____ Supplied material

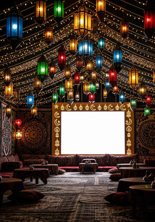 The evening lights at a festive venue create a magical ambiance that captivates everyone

________
____ Supplied material

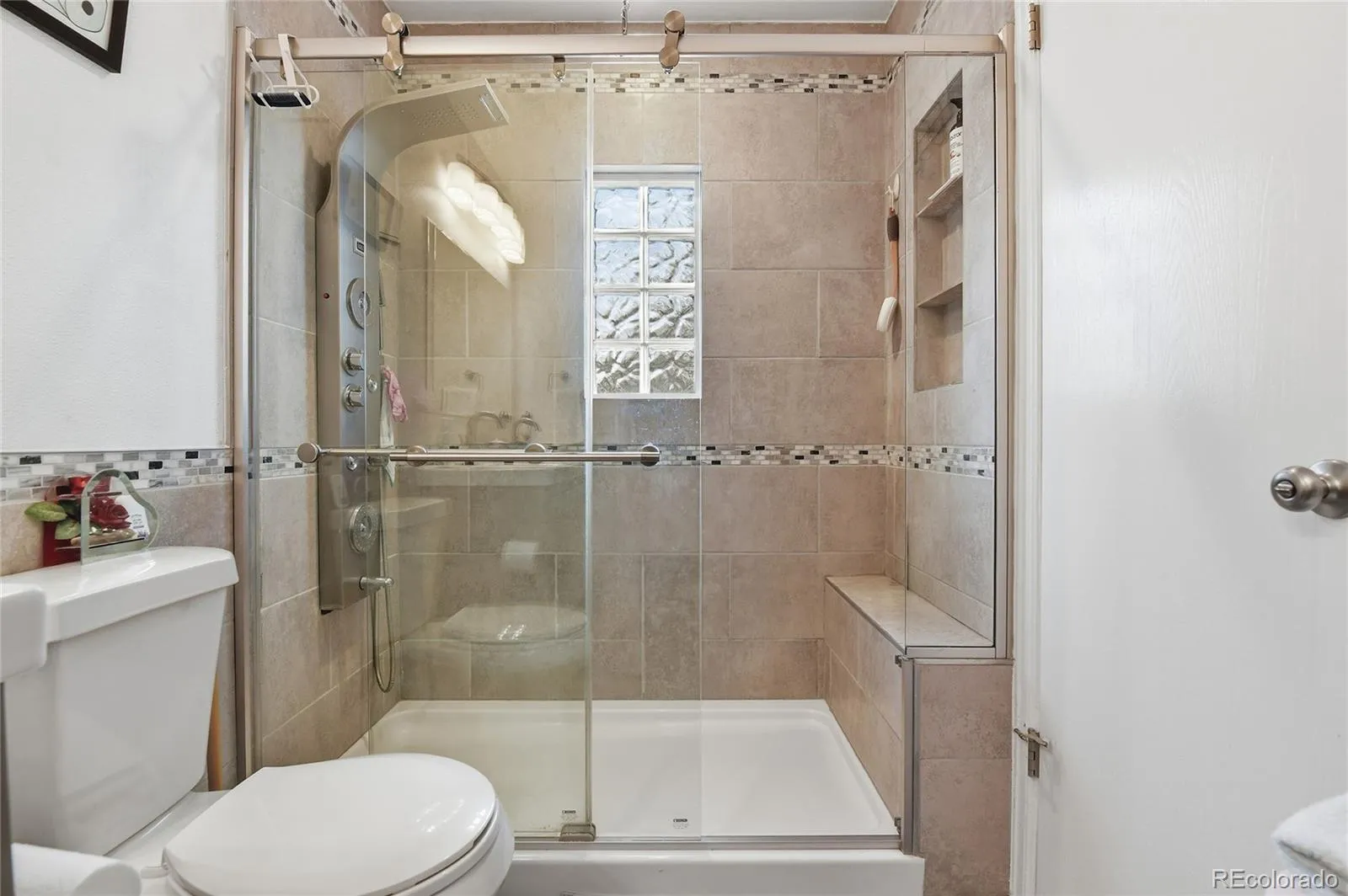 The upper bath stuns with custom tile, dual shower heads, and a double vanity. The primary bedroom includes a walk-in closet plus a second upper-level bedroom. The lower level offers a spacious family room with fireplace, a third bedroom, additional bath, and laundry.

________
____ Supplied material

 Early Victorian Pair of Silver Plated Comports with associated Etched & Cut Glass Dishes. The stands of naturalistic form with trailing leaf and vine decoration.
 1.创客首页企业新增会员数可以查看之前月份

________

Directions
In the listing above, transcribe exactly everything from the line containing "Early Victorian Pair" down to the line containing "1.创客首页企业新增会员数可以查看之前月份", including both and nothing more.

Solved problem
 Early Victorian Pair of Silver Plated Comports with associated Etched & Cut Glass Dishes. The stands of naturalistic form with trailing leaf and vine decoration.
 1.创客首页企业新增会员数可以查看之前月份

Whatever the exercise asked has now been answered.